▶ [TASK OBJECTIVE]:
The pictures do not belong in the copy. Restate all of the records word for word.

▶ [INFORMATION SUPPLIED]:
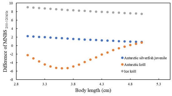 By comparing the MVBS (200–120 kHz) difference in the range 3–5 cm, where the lengths overlapped, the difference of MVBS (200–120 kHz) between Antarctic silverfish and Antarctic krill (E. superba) became similar as the lengths increased (Figure 11). Therefore, future studies should be conducted on the acoustic backscatter strength of Antarctic silverfish, Antarctic krill, and ice krill to develop algorithms that can more clearly distinguish the three species. Additionally, krill are characterized by large-scale clustering, whereas juvenile Antarctic silverfish tend to be more dispersed [20,21]. Therefore, studies of their clustering or dispersion patterns may also be helpful in distinguishing them.
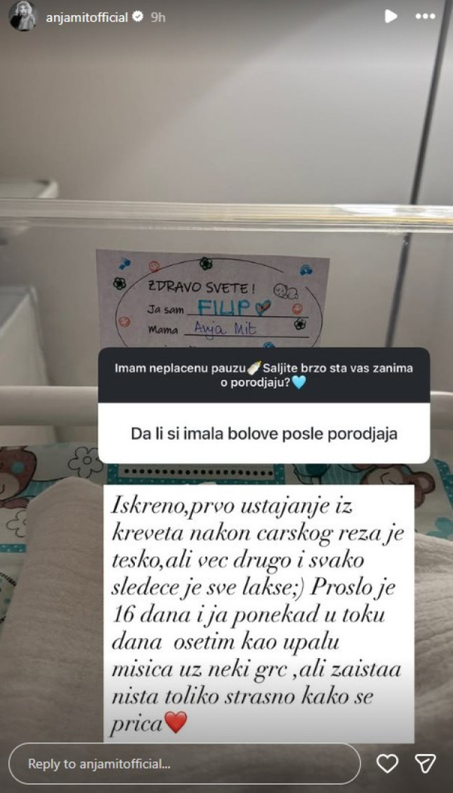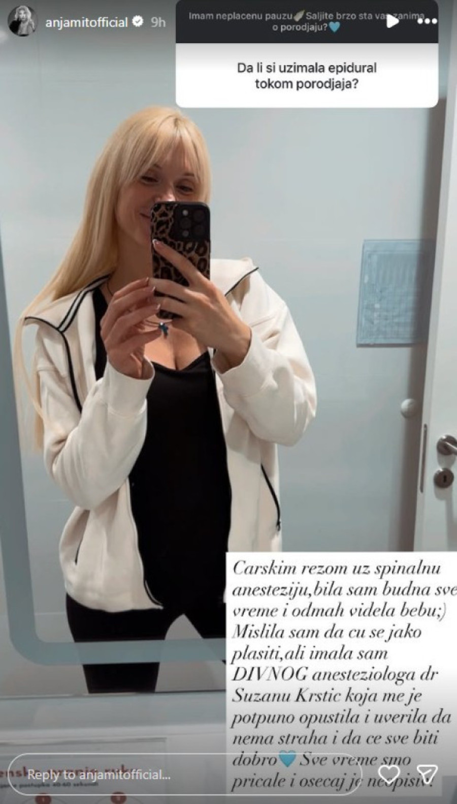 Odgovarajući na pitanja fanova vezana za porođaj, međutim, na svom Instagramu je objasnila kad je u nekim trenucima "bilo povuci-potegni". Ali ni to, ipak, nije joj odnelo osmeh sa lica.
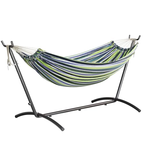 Mondeer Hammock with Stand Double Camping Outdoor Garden Fabric Hammock with Metal Frame with Carrying Bag and Accessories, 270kg Load Capacity, for Camping Travel Patio, Blue
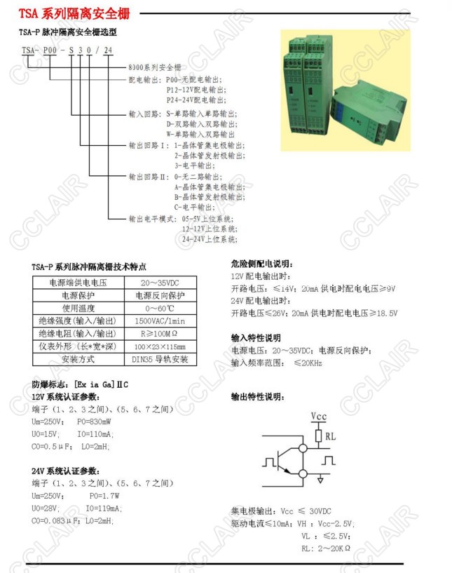 TSA-P00-S,TSA-P00-D,TSA-P00-W,TSA-P12-S,TSA-P12-D,TSA-P脈沖輸入安全柵
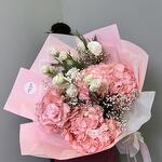 Gypsophila - 2 pcs Hydrangea - 3 pcs Eustoma - 5 pcs

▶ [WORKED SOLUTION]:
 By comparing the MVBS (200–120 kHz) difference in the range 3–5 cm, where the lengths overlapped, the difference of MVBS (200–120 kHz) between Antarctic silverfish and Antarctic krill (E. superba) became similar as the lengths increased (Figure 11). Therefore, future studies should be conducted on the acoustic backscatter strength of Antarctic silverfish, Antarctic krill, and ice krill to develop algorithms that can more clearly distinguish the three species. Additionally, krill are characterized by large-scale clustering, whereas juvenile Antarctic silverfish tend to be more dispersed [20,21]. Therefore, studies of their clustering or dispersion patterns may also be helpful in distinguishing them.
 Odgovarajući na pitanja fanova vezana za porođaj, međutim, na svom Instagramu je objasnila kad je u nekim trenucima "bilo povuci-potegni". Ali ni to, ipak, nije joj odnelo osmeh sa lica.
 Mondeer Hammock with Stand Double Camping Outdoor Garden Fabric Hammock with Metal Frame with Carrying Bag and Accessories, 270kg Load Capacity, for Camping Travel Patio, Blue
 TSA-P00-S,TSA-P00-D,TSA-P00-W,TSA-P12-S,TSA-P12-D,TSA-P脈沖輸入安全柵
 Gypsophila - 2 pcs Hydrangea - 3 pcs Eustoma - 5 pcs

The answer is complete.